Posts Tagged ‘Dumbledore Hypothesis of Cognitive Aging’

More on Attention and Cognitive Control

March 8, 2010

Upon inspection there are probably few cognitive tasks that could not benefit from better expenditures of attention.  Consider reading, for example.  I frequently find myself rereading portions of text that I have just read either because my attention waned or I was skimming and missed essential information while skimming.  Acronyms typically present a problem for me.  I need to reread the text to pick up the acronym, whereas if I had expended the necessary attention encoding the acronym when it was first encountered, I would not have lost the considerable time spent in rereading.  Summarizing as one reads can be beneficial.  And don’t overlook critical reading.  Does the text hold together logically?  Does it make sense?  If the text is nonfiction, can you think of any external information that contradicts the text.  Keep the mind active when reading.  Sometimes we can fall into the habit of moving our eyes and turning the page without engaging the mind to the extent needed.

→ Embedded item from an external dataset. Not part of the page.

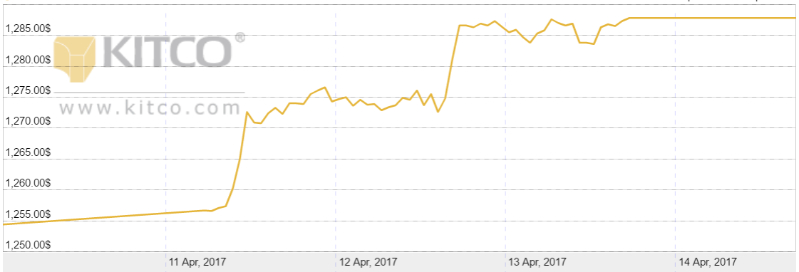 Po tym jak w poprzedni piątek cena złota przekroczyła 1270 USD/oz, osiągając najwyższy poziom od początku listopada, widać było, że rynkom udziela się panujące wokół napięcie. Po weekendzie echa nalotu na syryjską bazę wojskową nieco jednak umilkły w obliczu komentarza szefowej Fed, Janet Yellen, która na nowo rozbudziła oczekiwania co do wzrostu stóp procentowych w USA.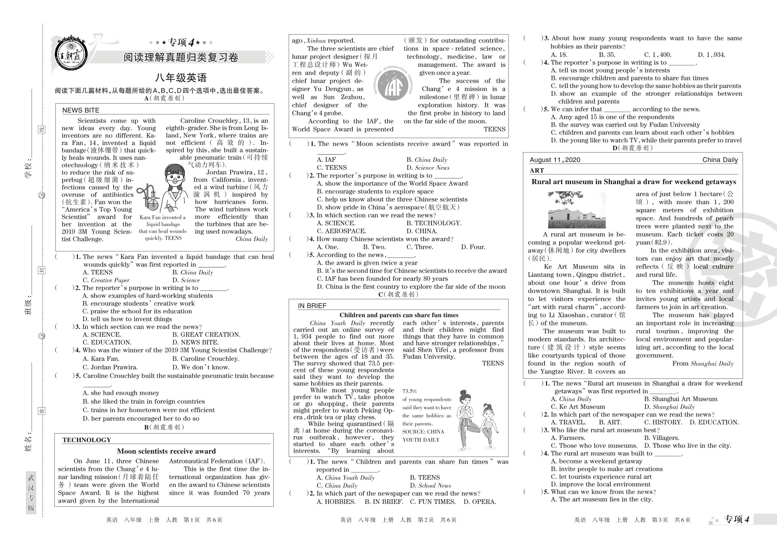 王朝霞期末专项卷——阅读理解真题归类复习八年级上册英语(人教版)【0】

The psychologist Stine-Morrow has developed an hypothesis of cognitive aging.1  The Stine-Morrow Hypothesis stresses the importance of the appropriate allocation of attention and effort in warding off cognitive declines.  In other words, the Stine-Morrow Hypothesis stresses the importance of effective cognitive control in warding off cognitive decline. Her ideas coincide nicely with those of Michael Merzenich, Ph.D., a professor at the Keck Center for Integrative Neuroscienses at the University of California at San Diego.  In turn, Dr. Merzenich’s ideas fit nicely with Kahneman’s Two System Theory that was presented in a previous blog post, “The Two System View of Cognition.”  Remember that System Two processes are effortful and require attention.  System One processes, which are the product of learning and experience, are relatively effortless.   The older an individual is, the more developed are those System One processes that facilitate cognition.  Consequently, there is a great temptation to rely upon these System One processes and become a creature of habit.  Merzenich and the Stine-Morrow Hypothesis warn against relying too heavily on System One Processes.  Effortful engagement of System Two processes can be beneficial in warding off cognitive decline.  System Two processes are engaged whenever we try or learn new things.  Thus engaging in new activities and in new areas of knowledge can be quite beneficial. 

1Stine-Morrow, A. L. (2008).  The Dumbledore Hypothesis of Cognitive Aging.  Current Directions in Psychological Science, 16, 295-299.